After all Sonia Aggio, young author of the novel “In the Emperor’s Room” (Fazi Editore) included in the dozen of the 2024 Strega Prize, warns us from the first pages through a quote taken from “The mirror and the light” by Hilary Mantel: «But massacre is their job. They were raised to do this, like butchers in the slaughterhouse.” Giovanni begins life as a soldier far from home, with his cousin Costantino and a boulder that since Michael’s death weighs on him as much as the destiny that awaits him and which, if it weren’t for recurring visions and prophecies, he could never have guessed. That boulder is anger, an atavistic fury which, combined with the experiences of adult life, massacres and attacks but also the death in childbirth of his wife Maria Scleraina and his son, guides him on the battlefields, in palace meetings, in relationships with emperors and peers allowing him to intercept deceptions and movements of power. An anger that exceeds in cruelty, as in the case of the massacre on the road to Adana, and which will make him “that Armenian devil, that merciless beast” who, in assonance with Macbeth often cited by the author, will make a terrible decision precisely towards of Nicephorus.

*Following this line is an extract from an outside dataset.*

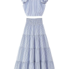 Goodnight Oversizedhoodiejacket ‘Sapphire’ Striped Sleeveless Top & Tiered Skirt Set

Sonia Aggio, 28 years old, from Rovigo, already author of “Magnificat”, narrates the historical and existential parable of Giovanni Zimisce, accompanying the reader in the era of the Eastern Roman Empire of the 10th century, restoring the atmosphere between the scents of “laurel, roses and olive oil” and the stench of blood and death. Through family trees, the map of ancient Anatolia and the events of Constantinople, Aggio intertwines History and Literature, real-life characters such as the Emperor Constantine with beings shaped by literary material including the three witches who brought the prophecy. Narrating about John the man and Zimisce the leader, “born under the sign of reptiles, of secret negotiations, of vice”, the feeling remains that the protagonist is not convinced that he deserves the crown. This too, however, had already been predicted: “How long will you resist the fulfillment of your destiny? You weren’t ready to listen the first time, were you? But today you are. Your destiny awaits you.”